However, Townsend says: “We have been approached by a lot of companies wanting to get involved. We are in a position to choose which ones we will work with.” A major factor in that decision is which of these companies have the most suitable digital infrastructure to fit with the BIB system.

BIB expects to sign contracts with an initial tranche of between 25 and 30 companies over November and December this year. The first interactive ads will appear on digital satellite next summer, while the first stations are expected to appear in October.

However, one senior agency source thinks that a BIB summer launch date is too optimistic. “They will never get it off the ground in time. They have only just established a standard platform for the system. Most retailers’ technology is way behind them. BIB will also have a huge marketing job convincing people to buy another box for about 200.”
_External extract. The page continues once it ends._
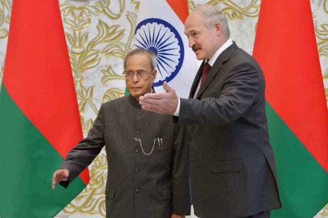 मिंस्क : भारत ने बुधवार को बेलारूस से कहा कि वह उसके साथ संयुक्त उद्यमों के लिए 10 करोड डालर की ऋण सुविधा देगा, जबकि पूर्वी यूरोपीय देश ने मेक इन इंडिया पहल में रुचि दिखाई है. राष्ट्रपति प्रणब मुखर्जी ने अपने बेलारूस के समकक्ष एजी लुकाशेंको से अपनी मुलाकात के दौरान उन्हें भारत के इस फैसले से अवगत कराया. दोनों देशों ने रक्षा एवं सुरक्षा मुद्दों पर साथ-साथ काम करने का फैसला किया तथा परस्पर विश्वास बढाने के लिए 17 बिंदुओं वाले खाके पर सहमति जताई. दो दिवसीय यात्रा पर कल रात यहां पहुंचे मुखर्जी का बेलारूस के राष्ट्रपति एजी लुकाशेंको ने पैलेस ऑफ इंडिपेंडेंस में परंपरागत तरीके से समारोहपूर्वक स्वागत किया.

In the digital age we are told that information moves faster, a theory which may also apply to marketing directors, because Townsend says in the past three months he has given presentations to 100 companies. “And I have seen virtually all of them a second time,” he says.
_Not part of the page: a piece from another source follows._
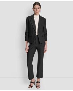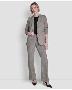 Petite Notch Collar One Button Jacket Crosshatch Modern Fit Pants - Gray

Townsend adds: “Retailers are used either to buying ads or a shop space. What I am asking them to buy is bandwidth on a satellite. This is not an evolution, it’s a revolution.”

Ian Cheshire, the group marketing director for Sears (which owns the Freemans catalogue), has been looking at this medium for the past two years. He says: “The Internet is just not a mass-market medium now. BIB is the first mass-market commercial venture with serious backing that has been attempted in this country.

“Getting involved in this project is a question of when, rather than if. However, we don’t think we will see any return on investment in the first three years.”

BIB is understood to be asking companies to pay an annual figure of about 500,000 to get onto the system. Mail order companies or banks, which either have a lot of experience in home selling or particularly low overheads, estimate it will cost them a further 500,000 a year to run. Companies which will have to start from scratch are looking at running costs of up to 2m a year.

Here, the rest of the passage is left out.